American college basketball season

The 2014–15 Saint Joseph's Hawks basketball team represented Saint Joseph's University during the 2014–15 NCAA Division I men's basketball season. The Hawks, led by 20th year head coach Phil Martelli, played their home games at Hagan Arena and were members of the Atlantic 10 Conference. They finished the season 13–18, 7–11 in A-10 play to finish in tenth place. They lost in the second round of the A-10 tournament to St. Bonaventure.

==Previous season==
The Hawks finished the season with an overall record of 24–10, with a record of 11–5 in the Atlantic 10 regular season to finish in a tie for third place.
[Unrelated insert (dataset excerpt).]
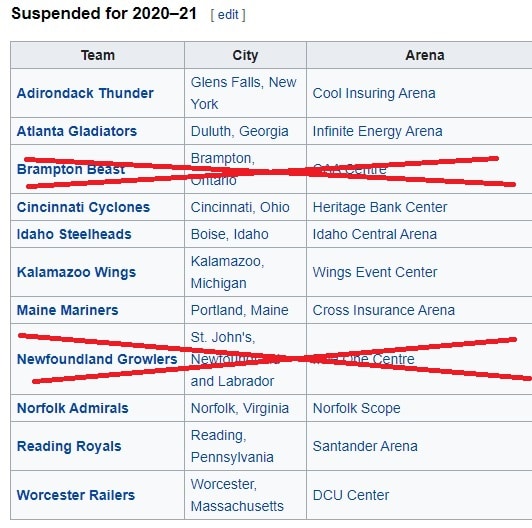 It would be a lot more complicated to move seven NHL teams to American cities. Not sure where you would place them. You could either double up on arenas in existing NHL cities, like Detroit and Chicago, or perhaps keep these clubs closer to the border and/or let them use minor league facilities instead. There a number of ECHL franchises that are currently suspended due to COVID-19 and are not playing, which means these arenas are not being used for hockey right now (via Wikipedia):

They were champions of the A-10 tournament to earn the conferences automatic bid to the NCAA tournament where they lost in the second round to Connecticut.

==Off season==

===Departures===

| Name | Number | Pos. | Height | Weight | Year | Hometown | Notes |
|---|---|---|---|---|---|---|---|
| Langston Galloway | 10 | G | 6'3" | 202 | Senior | Baton Rouge, LA | Graduated; currently playing for the New York Knicks |
| Daryus Quarles | 11 | F | 6'6" | 186 | Senior | Paulsboro, NJ | Graduated |
| Ronald Roberts Jr. | 13 | F | 6'8" | 225 | Senior | Bayonne, NJ | Graduated; signed to play professionally by Philadelphia 76ers |
| Colin Kelly | 41 | F | 6'5" | 210 | Senior | West Deptford Twp, NJ | Graduated |
| Halil Kanacevic | 45 | F | 6'8" | 255 | Senior | Staten Island, NY | Graduated; signed to play professionally in Italy |

== Incoming recruits ==

College recruiting information
| Name | Hometown | School | Height | Weight | Commit date |
| James Demery SF | Greenville, NC | Northside Christian Academy | 6 ft 6 in (1.98 m) | 197 lb (89 kg) | Sep 30, 2013 |
Recruit ratings: Scout: Rivals: 247Sports: ESPN: (78)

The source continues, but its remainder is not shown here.